Exercise aim
Would you please transcribe the data in full and exactly, excluding images?

Data segment
-- Opening Marker --

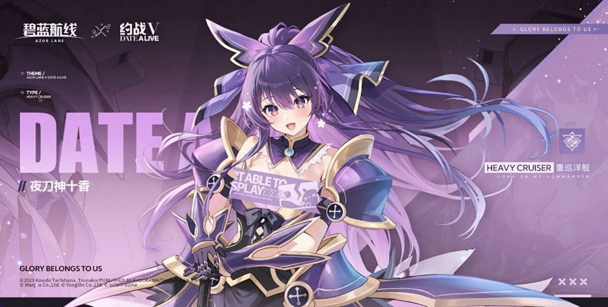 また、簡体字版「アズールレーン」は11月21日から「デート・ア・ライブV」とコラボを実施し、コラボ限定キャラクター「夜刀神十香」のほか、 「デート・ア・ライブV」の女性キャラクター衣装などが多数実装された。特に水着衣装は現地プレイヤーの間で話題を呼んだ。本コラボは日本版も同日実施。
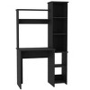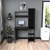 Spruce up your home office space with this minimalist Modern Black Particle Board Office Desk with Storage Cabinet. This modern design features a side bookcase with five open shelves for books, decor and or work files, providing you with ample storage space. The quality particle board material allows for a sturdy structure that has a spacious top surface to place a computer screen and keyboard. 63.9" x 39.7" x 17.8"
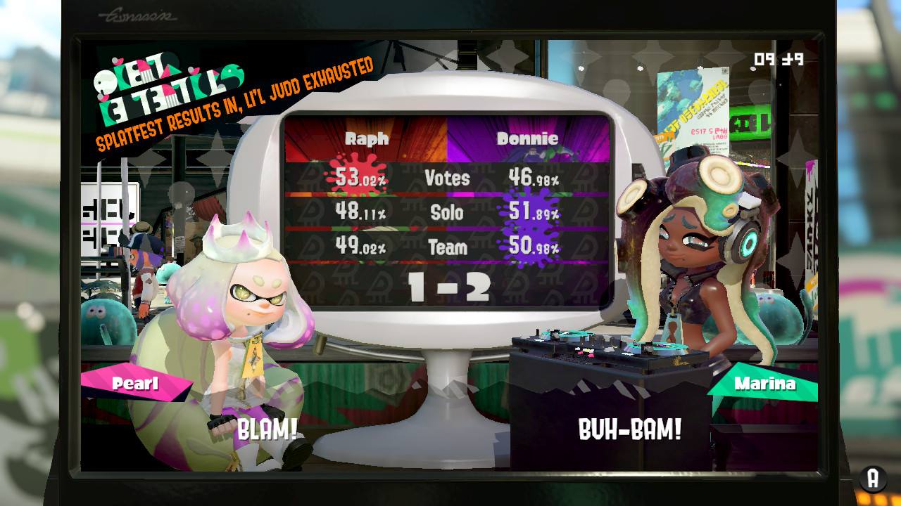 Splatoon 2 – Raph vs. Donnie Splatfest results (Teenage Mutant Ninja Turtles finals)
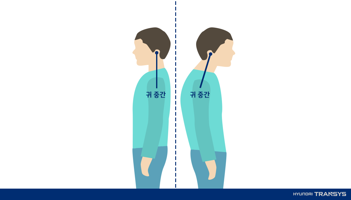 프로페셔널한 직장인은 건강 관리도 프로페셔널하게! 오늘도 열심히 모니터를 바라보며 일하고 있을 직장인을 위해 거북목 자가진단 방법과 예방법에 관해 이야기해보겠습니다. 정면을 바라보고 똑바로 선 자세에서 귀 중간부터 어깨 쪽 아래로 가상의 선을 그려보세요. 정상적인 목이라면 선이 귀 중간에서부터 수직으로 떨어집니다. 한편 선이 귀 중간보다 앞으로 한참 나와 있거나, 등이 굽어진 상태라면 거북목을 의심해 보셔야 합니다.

-- Closing Marker --

Your response
 また、簡体字版「アズールレーン」は11月21日から「デート・ア・ライブV」とコラボを実施し、コラボ限定キャラクター「夜刀神十香」のほか、 「デート・ア・ライブV」の女性キャラクター衣装などが多数実装された。特に水着衣装は現地プレイヤーの間で話題を呼んだ。本コラボは日本版も同日実施。
 Spruce up your home office space with this minimalist Modern Black Particle Board Office Desk with Storage Cabinet. This modern design features a side bookcase with five open shelves for books, decor and or work files, providing you with ample storage space. The quality particle board material allows for a sturdy structure that has a spacious top surface to place a computer screen and keyboard. 63.9" x 39.7" x 17.8"
 Splatoon 2 – Raph vs. Donnie Splatfest results (Teenage Mutant Ninja Turtles finals)
 프로페셔널한 직장인은 건강 관리도 프로페셔널하게! 오늘도 열심히 모니터를 바라보며 일하고 있을 직장인을 위해 거북목 자가진단 방법과 예방법에 관해 이야기해보겠습니다. 정면을 바라보고 똑바로 선 자세에서 귀 중간부터 어깨 쪽 아래로 가상의 선을 그려보세요. 정상적인 목이라면 선이 귀 중간에서부터 수직으로 떨어집니다. 한편 선이 귀 중간보다 앞으로 한참 나와 있거나, 등이 굽어진 상태라면 거북목을 의심해 보셔야 합니다.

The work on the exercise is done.